Ecosyste.ms: Awesome

An open API service indexing awesome lists of open source software.

Awesome Lists | Featured Topics | Projects

https://github.com/axonops/axonops-csv-extractor

AxonOps™ CSV Extractor - A Python utility to download AxonOps monthly metric data and convert it to CSV.
https://github.com/axonops/axonops-csv-extractor

apache-cassandra apache-cassandra-tools axonops command-line csv devops devops-tools python timeseries

Last synced: 21 days ago
JSON representation

AxonOps™ CSV Extractor - A Python utility to download AxonOps monthly metric data and convert it to CSV.

Awesome Lists containing this project

README

        

# AxonOps™ CSV Extractor

The AxonOps CSV Extractor is a Python utility designed to extract monthly data from AxonOps and convert it to CSV files. This tool is particularly useful for integrating into data pipelines, data warehouses or ETL workflows

You simply add your AxonOps API keys as environment variables, create a report config (see `data/queryconfig/query_config_example.json`) and then run `axonops_csv_extractor.py`.

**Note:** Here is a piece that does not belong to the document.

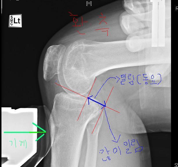 각 엑스레이사진에서 선을 그어서 파란색선 즉 밀리는 부부을 측정하고 mm수를 의사들이 잽니다.

To get it working, load the Python dependencies in `requirements.txt` into your Python environment and then run the Python script `axonops_csv_extractor.py`
```
usage: axonops_csv_extractor.py [-h] -o OUTPUTDIR -q QUERYCONFIG -m MONTHOFYEAR [-d]

AxonOps CSV Extractor

options:
-h, --help show this help message and exit
-o OUTPUTDIR, --outputdir OUTPUTDIR
The file path to a directory for outputting the CSV data.
-q QUERYCONFIG, --queryconfig QUERYCONFIG
File path to the JSON configuration file listing the queries to run and extract to CSV. See the README.md for more information on this configuration file.
-m MONTHOFYEAR, --monthofyear MONTHOFYEAR
The month of year in format YYYYMM for which data will be extracted to CSV. This can not be in the future nor the current month
-d, --deletejson If set, the downloaded JSON will be kept in the output directory. By default it is automatically deleted after being converted to CSV.
```
**Note:** please ensure that there is sufficient disk space at the location you choose to output the CSV - they can be large.

For example
```bash
python axonops_csv_extractor.py --outputdir data/results/mydata --queryconfig data/queryconfig/myqueries.json --monthofyear 202409
```

This will extract all the data for September 2024 returned by the queries in myqueries.json and store it as CSV files in data/results/mydata

***
- [Setup Instructions](#setup-instructions)
- [Query Configuration Setup](#query-configuration-setup)
- [JSON Field Information](#json-field-information)
- [How to find values for `axon_query`](#how-to-find-values-for-axon_query)
- [Setup Steps](#setup-steps)
* [Clone the Repository](#1-clone-the-repository)
* [Generate an AxonOps API token for your organisation](#2-generate-an-axonops-api-token-for-your-organisation)
* [Set-up your AxonOps organisation and API tokens as environment variables](#3-set-up-your-axonops-organisation-and-api-tokens-as-environment-variables)
* [Set Up a Python Virtual Environment](#4-set-up-a-python-virtual-environment)
* [Activate the Virtual Environment](#5-activate-the-virtual-environment)
* [Install Required Python Packages](#6-install-required-python-packages)
* [Run the Python Script](#7-run-the-python-script)
* [Deactivate the Virtual Environment](#8-deactivate-the-virtual-environment)

## Setup Instructions

### Query Configuration Setup

The `--queryconfig` argument should be pointing at a JSON file that defines the queries to run, the results of which will be converted to CSV. There is an example you can see in `data/queryconfig/query_config_example.json`.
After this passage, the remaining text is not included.